Co-inherited α-Thalassemia and β-Globin Haplotypes as Determinants of Vaso-Occlusive Crisis, Stroke, and Mortality in Sickle Cell Disease: A Systematic Review
Keywords:
sickle cell disease; alpha-thalassemia; beta-globin haplotypes; vaso-occlusive crisis; strokeAbstract
Background: Clinical severity in sickle cell disease (SCD) varies widely. Co-inherited α-thalassemia and β-globin (HBB) haplotypes are proposed modifiers, but their relationships with vaso-occlusive crisis (VOC), stroke, and mortality remain uncertain.
Objectives: To synthesize evidence on the associations of α-thalassemia and β-globin haplotypes with VOC, cerebrovascular outcomes, and mortality in SCD.
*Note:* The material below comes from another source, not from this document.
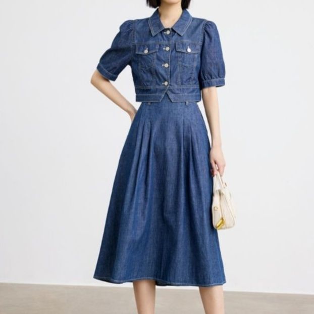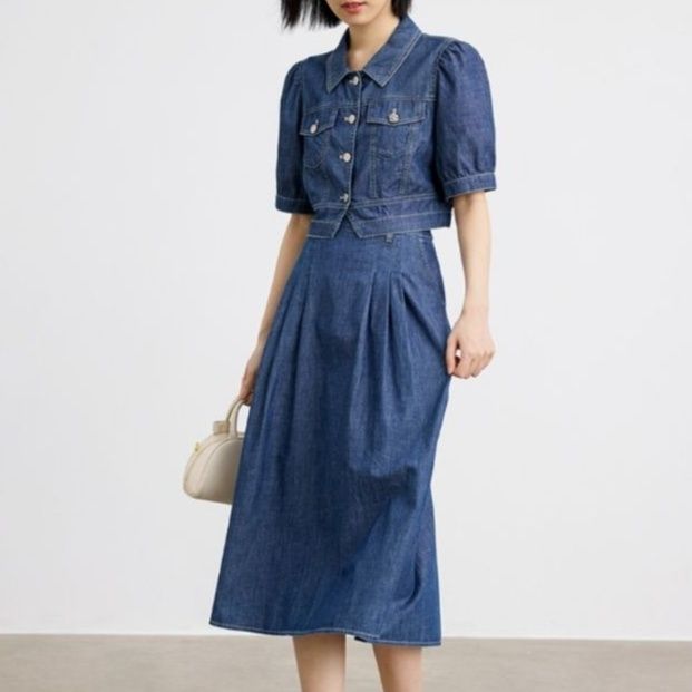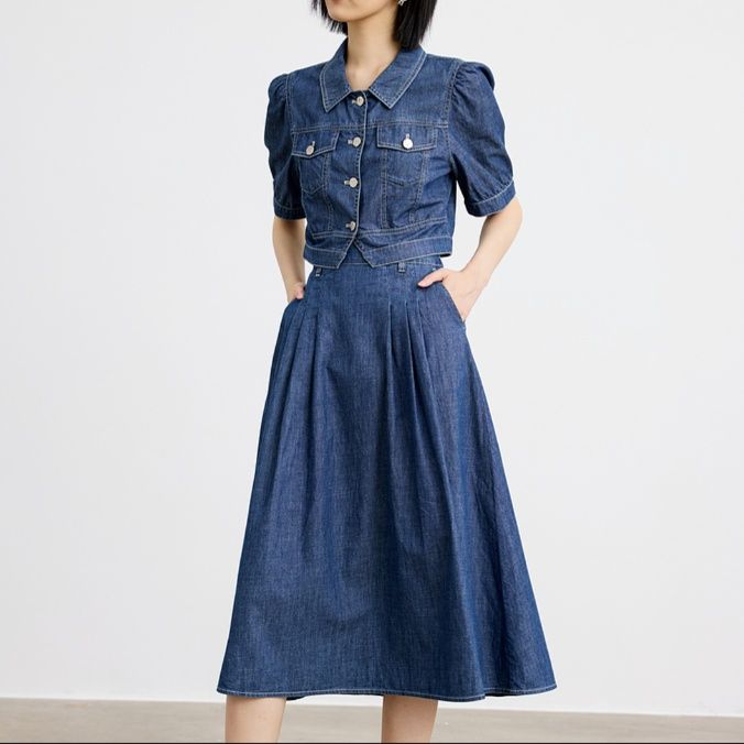 上品な広がりのあるシルエットで、デニム素材でありながら優雅な雰囲気を醸成

Methods: We conducted a PRISMA-guided systematic review (final search 6 Nov 2025) across MEDLINE, Embase, Web of Science, CENTRAL, Scopus, Google Scholar, and regional/grey sources. Eligible studies enrolled individuals with SCD (any genotype/age) and reported genotyped α-thalassemia and/or β-globin haplotypes alongside ≥1 prespecified outcomes. Two reviewers screened records, extracted data, and appraised risk of bias.
Results: Of 1,964 records, 10 studies met inclusion (predominantly pediatric HbSS; Caribbean, South America, North America, and French Guiana). Across cohorts, α-thalassemia showed a consistent protective signal for cerebrovascular phenotypes: lower odds of overt stroke and fewer abnormal transcranial Doppler velocities. Evidence for VOC was heterogeneous—one prospective cohort reported higher healthcare-attended VOC in homozygous α-thalassemia, whereas adjusted analyses elsewhere were null. Mortality data were scarce; a cross-sectional genetic survey suggested better survival among α-thalassemia carriers. β-globin haplotypes showed weak or inconsistent associations with all outcomes once fetal hemoglobin and treatment era were considered. The principal methodological limitation was residual confounding; outcome measurement for stroke/TCD was robust, while VOC ascertainment varied.
Conclusions: α-thalassemia appears to reduce cerebrovascular risk in SCD, while effects on VOC are context-dependent. β-globin haplotypes add limited independent prognostic value beyond fetal hemoglobin. Contemporary, adjusted, genotype-specific cohorts are needed to refine effect sizes and inform risk-stratified care.